- **DATA LISTING**:
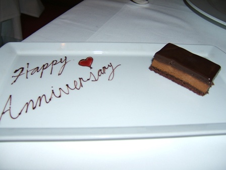 お皿には、"Happy Anniversary" 結婚記念日おめでとう、と書かれていました。
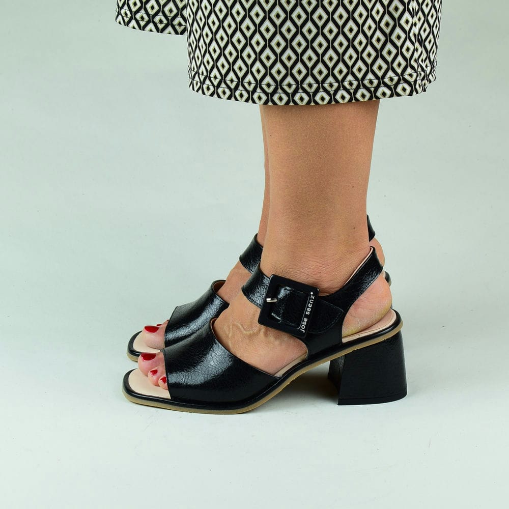 Extra soft patent leather sandals in black with a 4.5cm heel
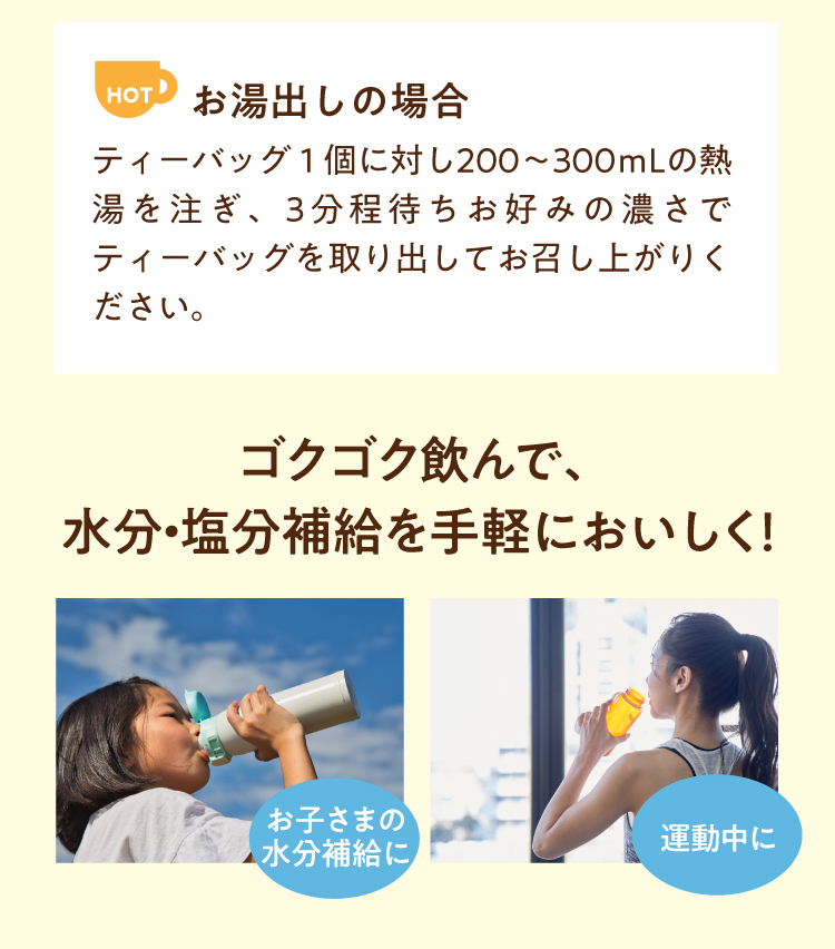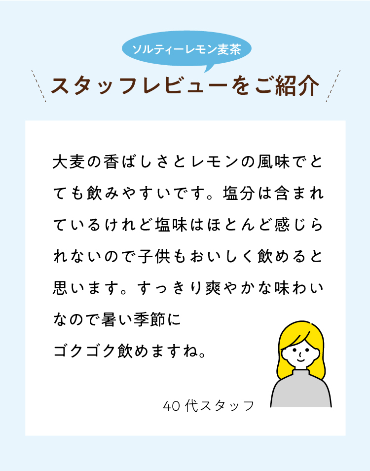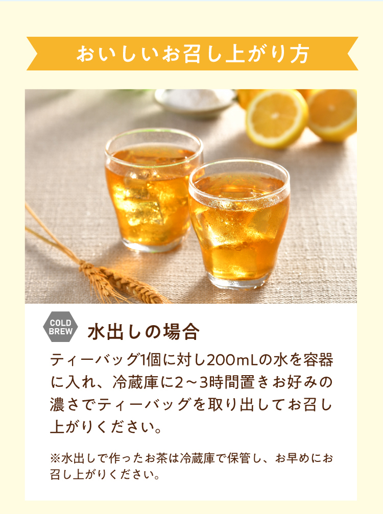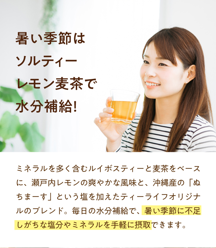 - 大麦(カナダ)、ルイボス(南アフリカ共和国)、レモン(国産)、塩(国産[ぬちまーす])
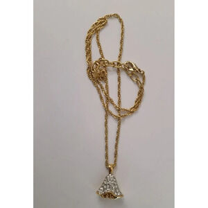 Nina Ricci Vintage Gold Plated Necklace with a dress shaped pendant addorned with approx 25 rhinestones and with the logo on the back.
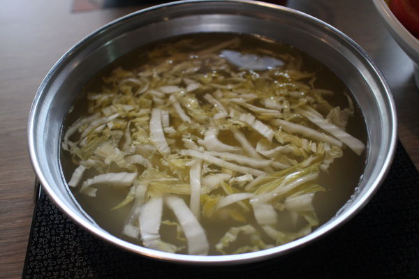 酸白菜湯底:有別於一般的酸白菜鍋,它的酸是用水果下去煮的
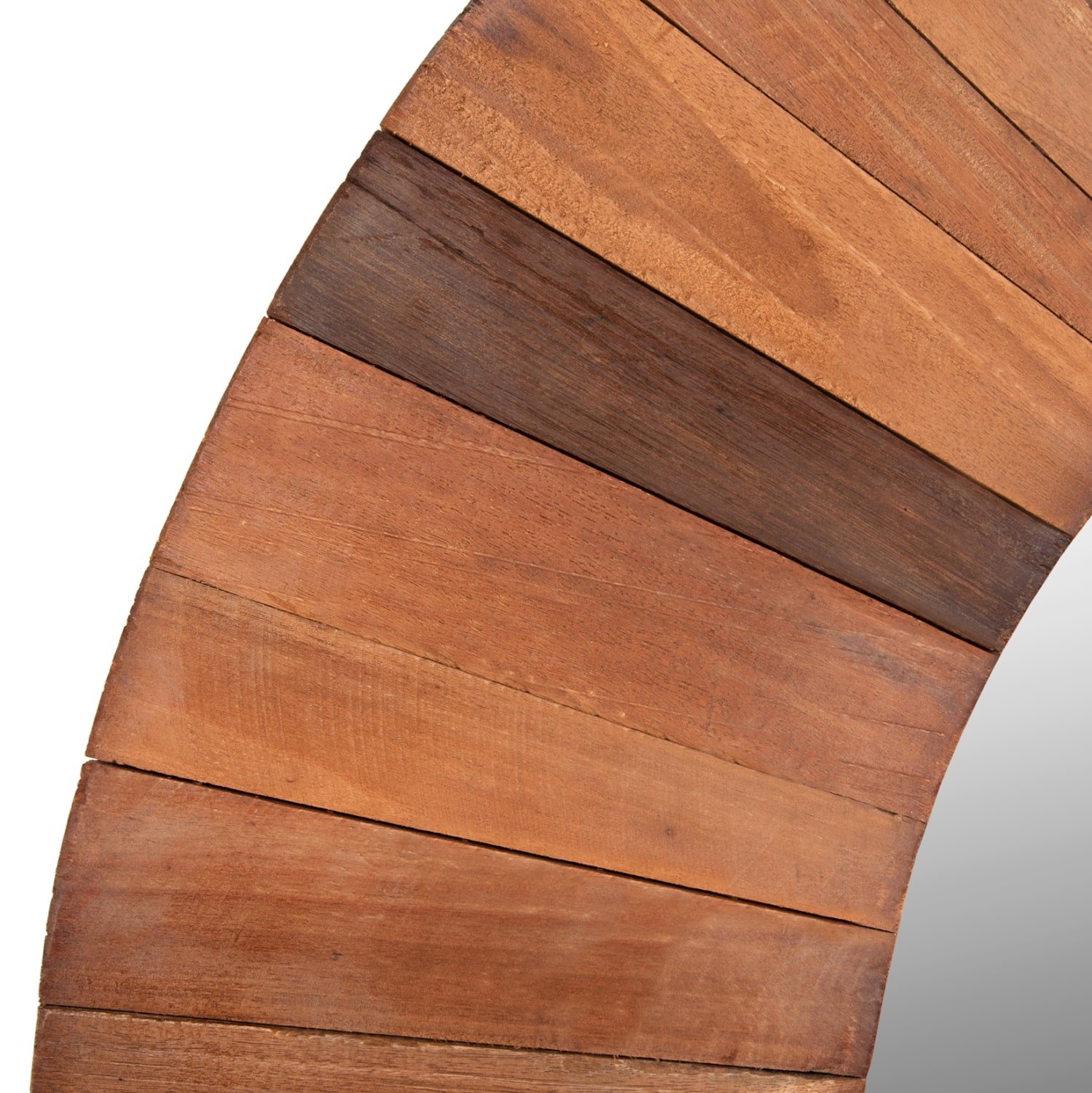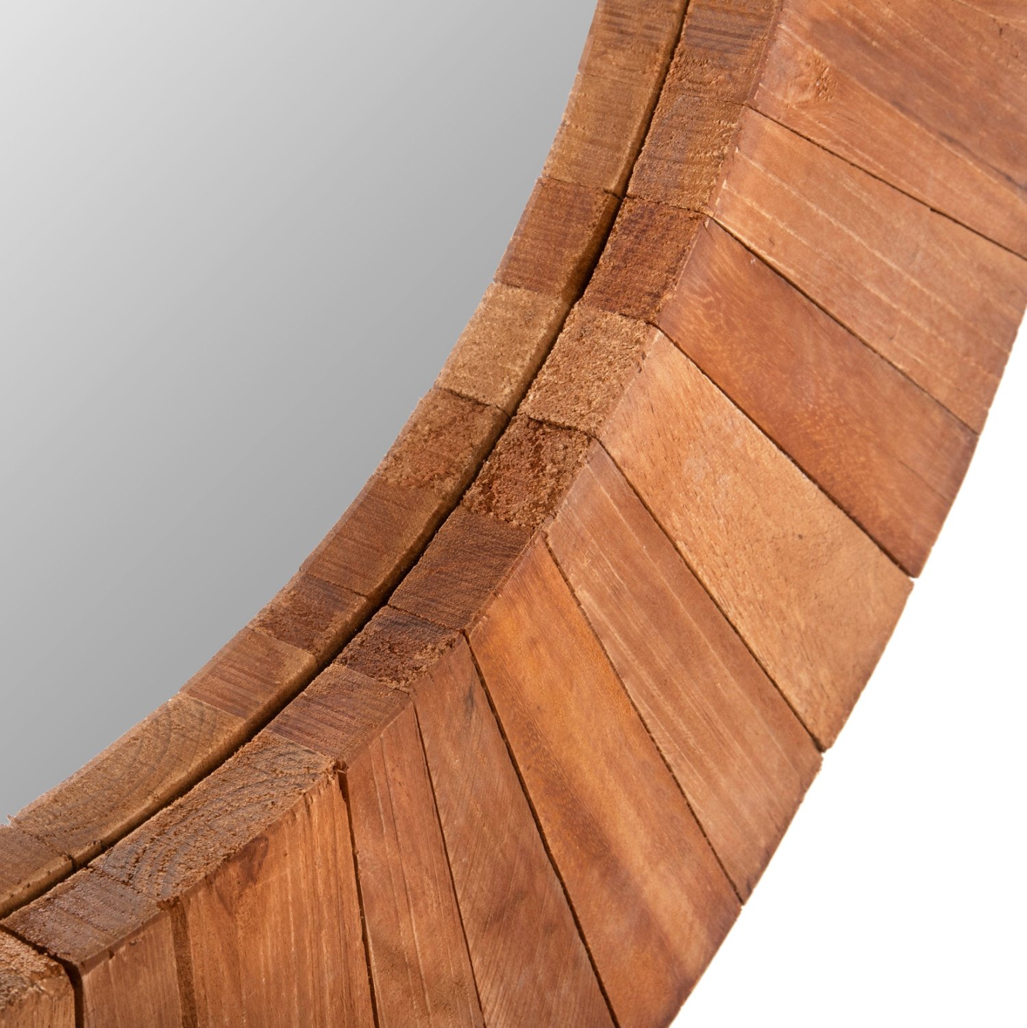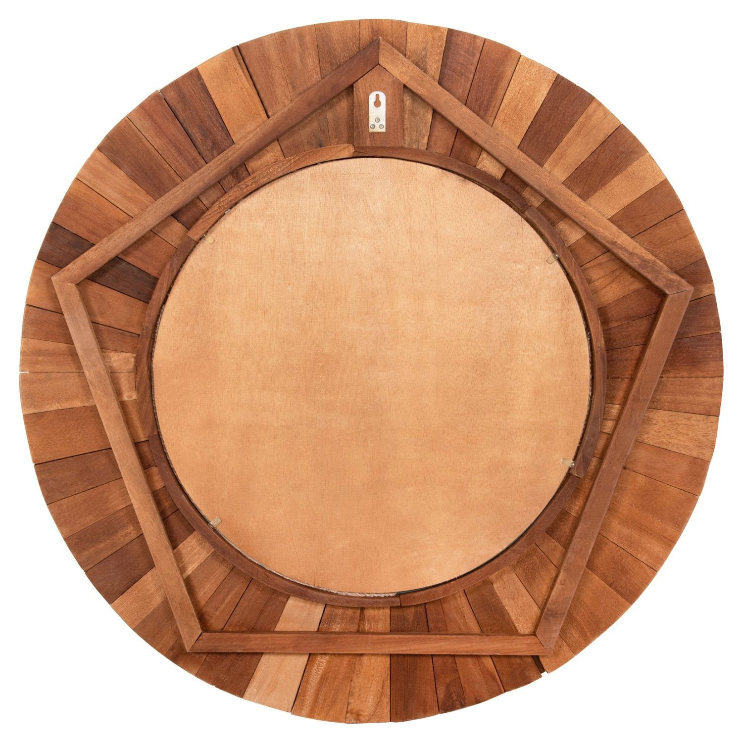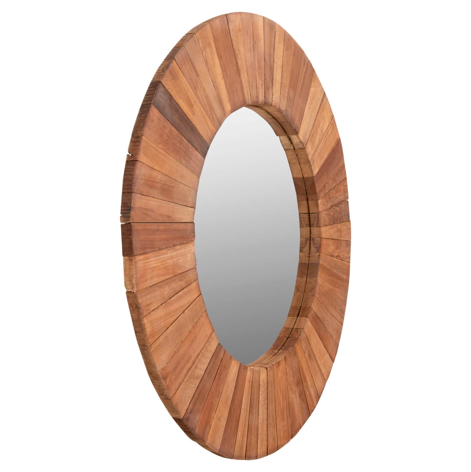 O καθρέπτης ΗΜ7726 είναι πραγματικά ένα όμορφο κομμάτι στην διακόσμηση του σπιτιού σας! Το design του είναι κλασικό αλλά με αριστοτεχνικά κατασκευασμένη κυκλική διάταξη των ξύλων, τα οποία στο κέντρο τους «φιλοξενούν» τον καθρέπτη. Τα ξύλα είναι στο φυσικό τους χρώμα και οι διαστάσεις όλης της κατασκευής είναι «πλούσιες».

- **WHAT THE EXERCISE ASKS**:
Copy everything in the records above except the pictures, exactly as written.

- **TASK RESULT**:
 お皿には、"Happy Anniversary" 結婚記念日おめでとう、と書かれていました。
 Extra soft patent leather sandals in black with a 4.5cm heel
 - 大麦(カナダ)、ルイボス(南アフリカ共和国)、レモン(国産)、塩(国産[ぬちまーす])
 Nina Ricci Vintage Gold Plated Necklace with a dress shaped pendant addorned with approx 25 rhinestones and with the logo on the back.
 酸白菜湯底:有別於一般的酸白菜鍋,它的酸是用水果下去煮的
 O καθρέπτης ΗΜ7726 είναι πραγματικά ένα όμορφο κομμάτι στην διακόσμηση του σπιτιού σας! Το design του είναι κλασικό αλλά με αριστοτεχνικά κατασκευασμένη κυκλική διάταξη των ξύλων, τα οποία στο κέντρο τους «φιλοξενούν» τον καθρέπτη. Τα ξύλα είναι στο φυσικό τους χρώμα και οι διαστάσεις όλης της κατασκευής είναι «πλούσιες».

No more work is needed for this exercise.